Application for Scientific Permit – Available for Public Comment
Public comment on the following application for a Scientific Research (Fauna) Permit is open until 19 June 2019.
Applicant: University of Tasmania
Species/Taxon: Gould’s wattled bat (Chalinolobus gouldii), Chocolate wattled bat (Chalinolobus morio), Eastern falsistrelle (Falsistrellus tasmaniensis), Large forest bat (Vespadelus darlingtoni), Southern forest bat (Vespadelus regulus), Lesser long-eared bat (Nyctophilus geoffroyi), Little forest bat (Nyctophilus vulturnis) and the Tasmanian long-eared bat (Nyctophilus sherrini).
Location: Plenty Valley region near Mt. Lloyd, near Maydena and near Ellendale on private plantation land (owned by Norske Skog) and native forest sites that may be Crown land or private land.
Title of research: Individual and population health and ecology of microbats in plantation and native forest landscapes
Aim of project:
1) to compare individual and population health parameters of microbats in exotic pine plantation and native forest landscapes in order to examine the potential effects of forest management operations on bat health
2) to examine community assemblages and habitat use by different foraging guilds in exotic pine plantation and native forest landscapes to determine the extent to which various species of bats are able to persist in different landscapes.
In meeting these aims, secondary aims may include: a) examining the relationship between individual and population health to assess long-term population viability, b) maternal colony monitoring, and c) diet analysis.
The results of this study will fill a large gap in the understanding of how different landscapes affect bat health in Tasmania. Results will highlight the biological responses of bats to forest management regimes and identify whether current silvicultural practices in Tasmania are in line with preservation of bat biodiversity.
Maximum likely numbers of individuals involved: No more than 100 individual bats of each species, for a total of 800 individuals over 2 years. A precise estimation is difficult since capture rates are highly variable, but no more than 6 harp traps will be set at any one time.
Activities undertaken and methods:
This project will use live capture of bats and radio-tracking. Bats will be trapped using harp traps and mist nets and transferred to individual cloth holding bags where they will be held until data collection is complete. Bat processing will include weighing and recording of morphometrics and blood sampling through venepuncture of the brachial or propatagial vein to create blood smears. No more than six µl/g of blood will be taken from each bat. Up to six individuals at one time of two different species (to be determined) will be radio-tracked. A 1cm2 of fur will be trimmed from between the scapulae and a radio transmitter weighing 0.22-0.31g (less than 5% body weight of each individual to be tracked) will be attached to the skin using a medical-grade skin adhesive. Bats will be radio-tracked during the day and the researchers will ensure that all transmitters have fallen off of bats before leaving the field.
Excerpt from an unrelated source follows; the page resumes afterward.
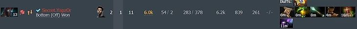 ТБ не делал трипл-киллы, но оказывал давление на бот и стягивал туда саппортов Newbee. В итоге, Ace и MidOne чувствовали себя свободнее и уничтожили свои линии. К 16-й минуте счет был 15:3 с восьмитысячным преимуществом Team Secret.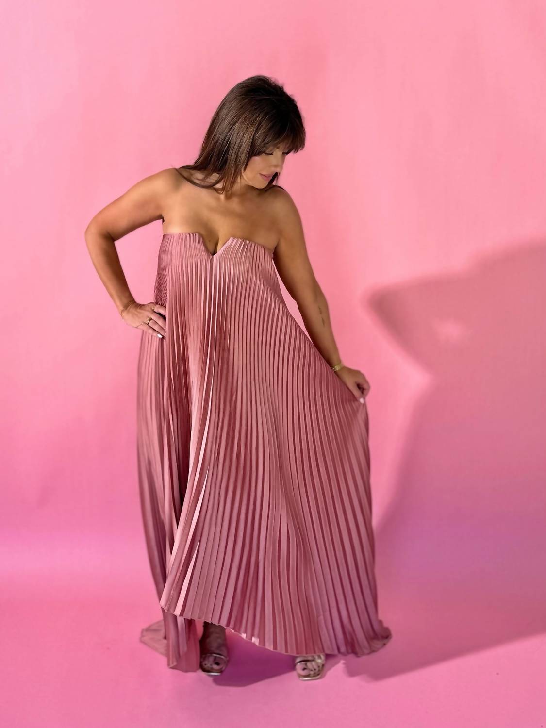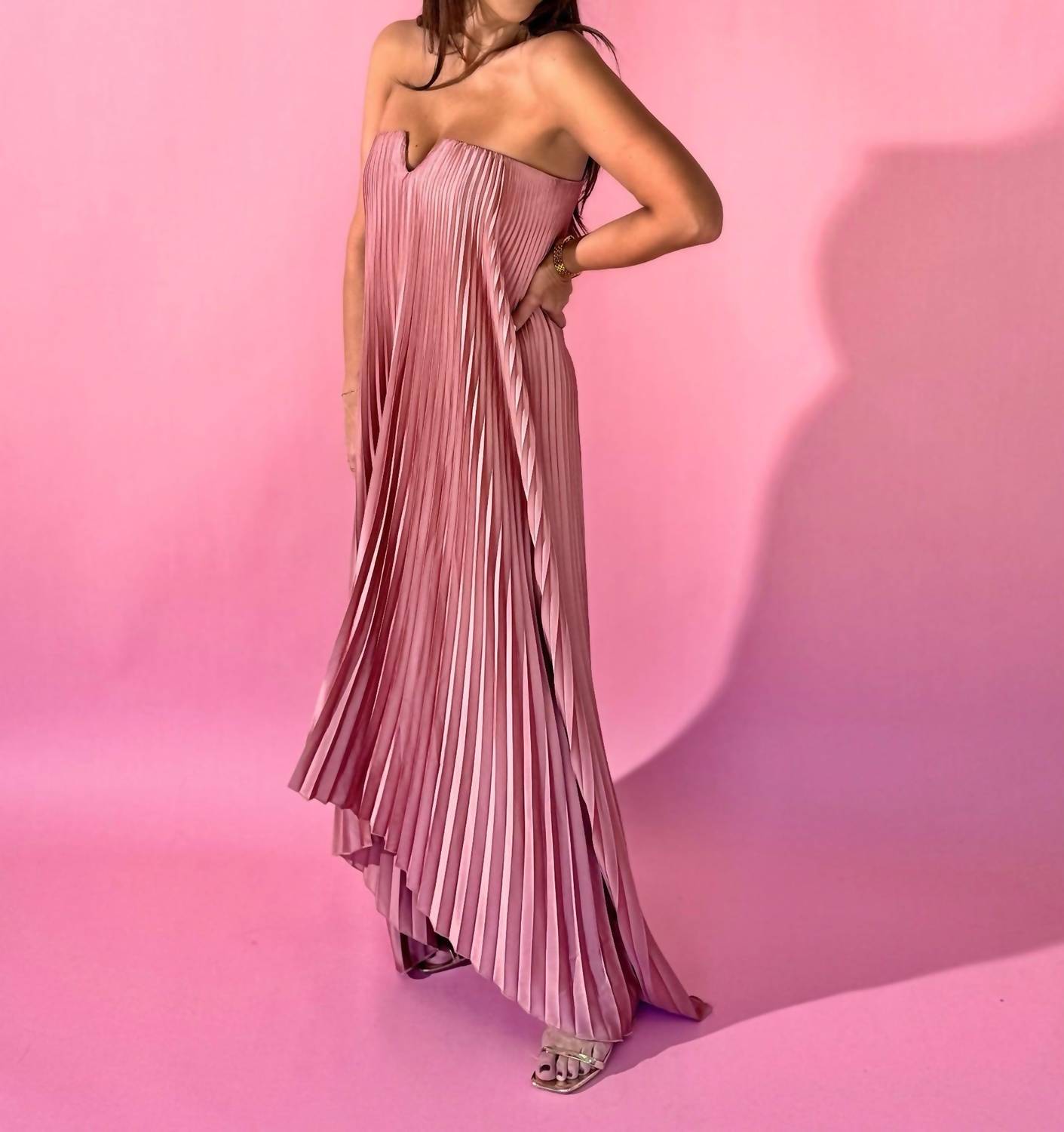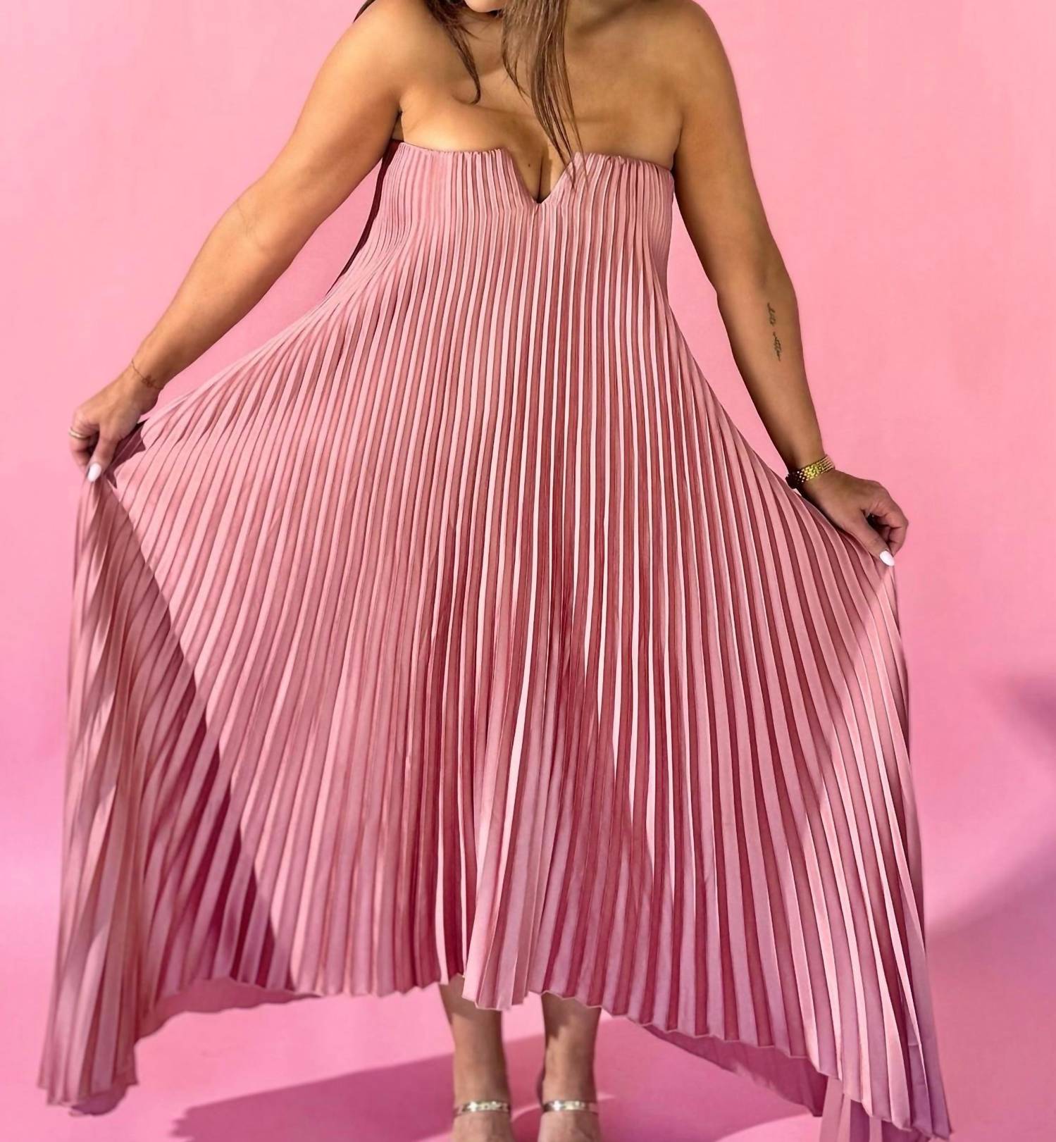 Who doesn't love a good maxi dress? This one you'll be reaching for season after season. Embrace elegance with the Exceptionally Elegant Pleated Maxi Dress by DRESS FORUM, a standout piece in a captivating pink hue. Designed with a strapless silhouette and v cut tube neck, it boasts inner soft boning on the front bodice and an elastic band on the back neckline to ensure a perfect fit. Composed of a luxurious blend of 97% polyester and 3% spandex for the shell, and 92% polyester and 8% spandex for the lining, this A-line maxi dress promises comfort until the final dance of the evening. Secured with a hidden back zip closure, it's a textured masterpiece that embodies quiet luxury, perfect for a spring evening event.

After processing, all individuals will be hand-released at capture sites. If a bat is unable to be released on the night of capture, it will be held until the following dusk, when it will be released.
Fate of animals: Released back into the wild.
Likely impact on species involved (including any by-catch): It is highly unlikely that there will be any impact on the populations of each bat species used in this study.